FIG. 6 is three-dimensional partial cut-away view of one embodiment of the kinetic energy rod warhead system of the subject invention;

FIG. 7 is schematic cross-sectional view showing a tumbling projectile in accordance with prior kinetic energy rod warhead designs;

FIG. 8 is another schematic cross-sectional view showing how the use of multiple detonators aligns the projectiles to prevent tumbling thereof in accordance with the subject invention;

FIG. 9 is an exploded schematic three-dimensional view showing the use of a kinetic energy rod warhead core body used to align the projectiles in accordance with the subject invention;

FIGS. 10 and 11 are schematic cut-away views showing the use of flux compression generators used to align the projectiles of the kinetic energy rod warhead in accordance with the subject invention;

FIGS. 12-15 are schematic three-dimensional views showing how the projectiles of the kinetic energy rod warhead of the subject invention are aimed in a particular direction in accordance with the subject invention;

FIG. 16 is a three dimensional schematic view showing another embodiment of the kinetic energy rod warhead of the subject invention;

FIGS. 17-23 are three-dimensional views showing different projectile shapes useful in the kinetic energy rod warhead of the subject invention;

FIG. 24 is a end view showing a number of star-shaped projectiles in accordance with the subject invention and the higher packing density achieved by the use thereof;

FIG. 25 is another schematic three-dimensional partially cut-away view of another embodiment of the kinetic energy rod warhead system of the subject invention wherein there are a number of projectile bays;

FIG. 26 is another three-dimensional schematic view showing an embodiment of the kinetic energy rod warhead system of this invention wherein the explosive core is wedge shaped to provide a uniform projectile spray pattern in accordance with the subject invention; and

FIG. 27 is a cross sectional view showing the wedge shaped explosive core and the bays of projectiles adjacent it for the kinetic energy rod warhead system shown in FIG. 26.
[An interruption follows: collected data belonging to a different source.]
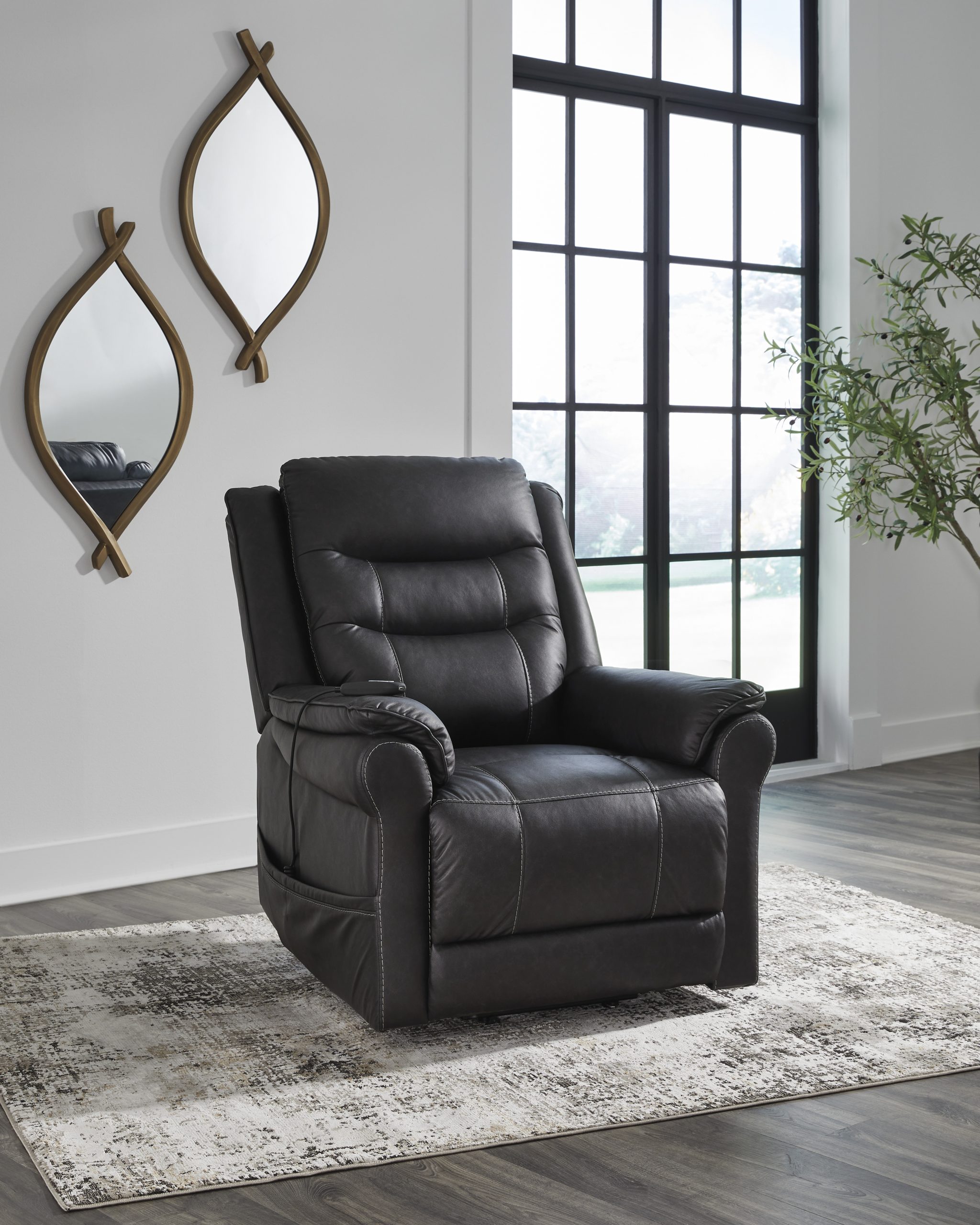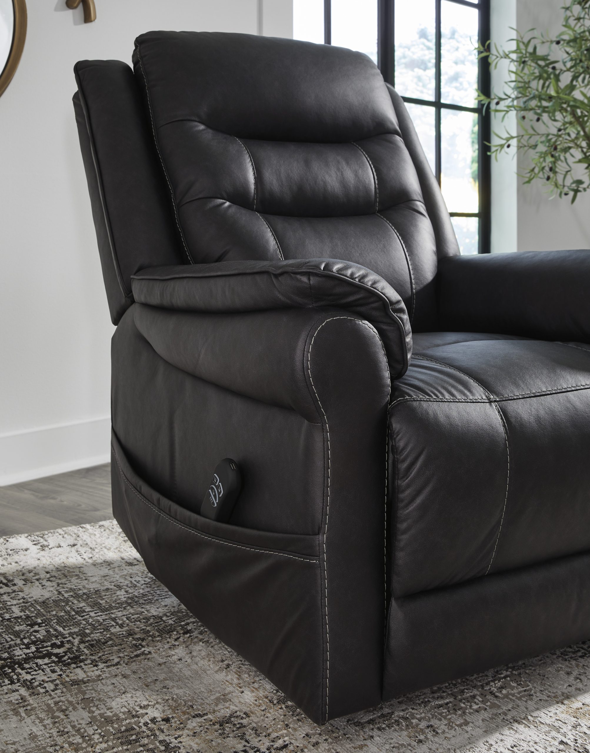 This power lift recliner is made for comfort and priced to put you at ease. Its supple faux leather invites you to sink in and stay a while, and the stitching details add a tailored, contemporary look. With a lift-and-tilt motion that brings you to your feet, plus heat and massage features, this recliner is crafted for affordable, everyday function.
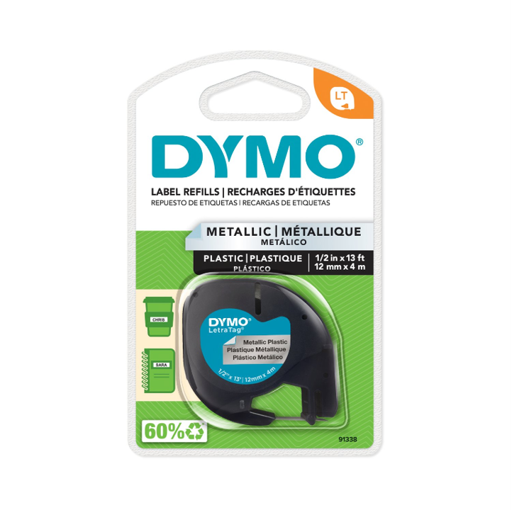 Cinta Dymo Letratag en plástico, impresión en negro sobre plateado de 12mm ancho*4mts longitud. Blíster por 1 rollo, despegue fácil del reverso.
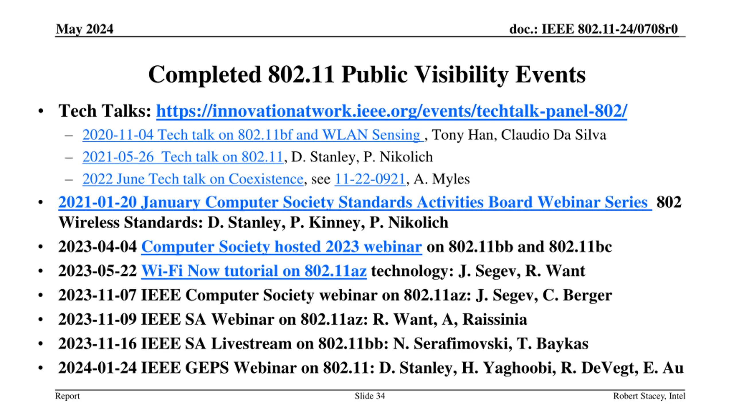 May 2024 doc.: IEEE 802.11-24/0708r0 Completed 802.11 Public Visibility Events Tech Talks: https://innovationatwork.ieee.org/events/techtalk-panel-802/ 2020-11-04 Tech talk on 802.11bf and WLAN Sensing , Tony Han, Claudio Da Silva 2021-05-26 Tech talk on 802.11, D. Stanley, P. Nikolich 2022 June Tech talk on Coexistence, see 11-22-0921, A. Myles 2021-01-20 January Computer Society Standards Activities Board Webinar Series 802 Wireless Standards: D. Stanley, P. Kinney, P. Nikolich 2023-04-04 Computer Society hosted 2023 webinar on 802.11bb and 802.11bc 2023-05-22 Wi-Fi Now tutorial on 802.11az technology: J. Segev, R. Want 2023-11-07 IEEE Computer Society webinar on 802.11az: J. Segev, C. Berger 2023-11-09 IEEE SA Webinar on 802.11az: R. Want, A, Raissinia 2023-11-16 IEEE SA Livestream on 802.11bb: N. Serafimovski, T. Baykas 2024-01-24 IEEE GEPS Webinar on 802.11: D. Stanley, H. Yaghoobi, R. DeVegt, E. Au Report Slide 34 Robert Stacey, Intel
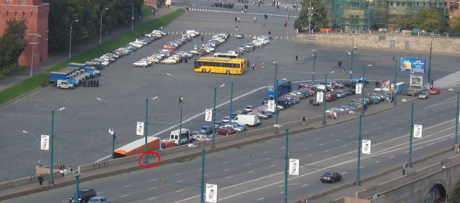 Nobody can be seen walking up the stairs at the side of the bridge and then walking towards Nemtsov and his companion. Two times one or more people can be seen walking up the stairs (and before the attack) continuing their path over the bridge:

DISCLOSURE OF THE PREFERRED EMBODIMENTS

As discussed in the Background section above, “hit-to-kill” vehicles are typically launched into a position proximate a re-entry vehicle 10, FIG. 1 or other target via a missile 12. “Hit-to-kill” vehicle 14 is navigable and designed to strike re-entry vehicle 10 to render it inoperable. Countermeasures, however, can be used to avoid the kill vehicle. Vector 16 shows kill vehicle 14 missing re-entry vehicle 10. Moreover, biological bomblets and chemical submunition payloads 18 are carried by some threats and one or more of these bomblets or chemical submunition payloads 18 can survive, as shown at 20, and cause heavy casualties even if kill vehicle 14 does accurately strike target 10.

Turning to FIG. 2, blast fragmentation type warhead 32 is designed to be carried by missile 30. When the missile reaches a position close to an enemy re-entry vehicle (RV), missile, or other target 36, a pre-made band of metal or fragments on the warhead is detonated and the pieces of metal 34 strike target 36. The fragments, however, are not always effective at destroying the submunition target and, again, biological bomblets and/or chemical submunition payloads can survive and cause heavy casualties.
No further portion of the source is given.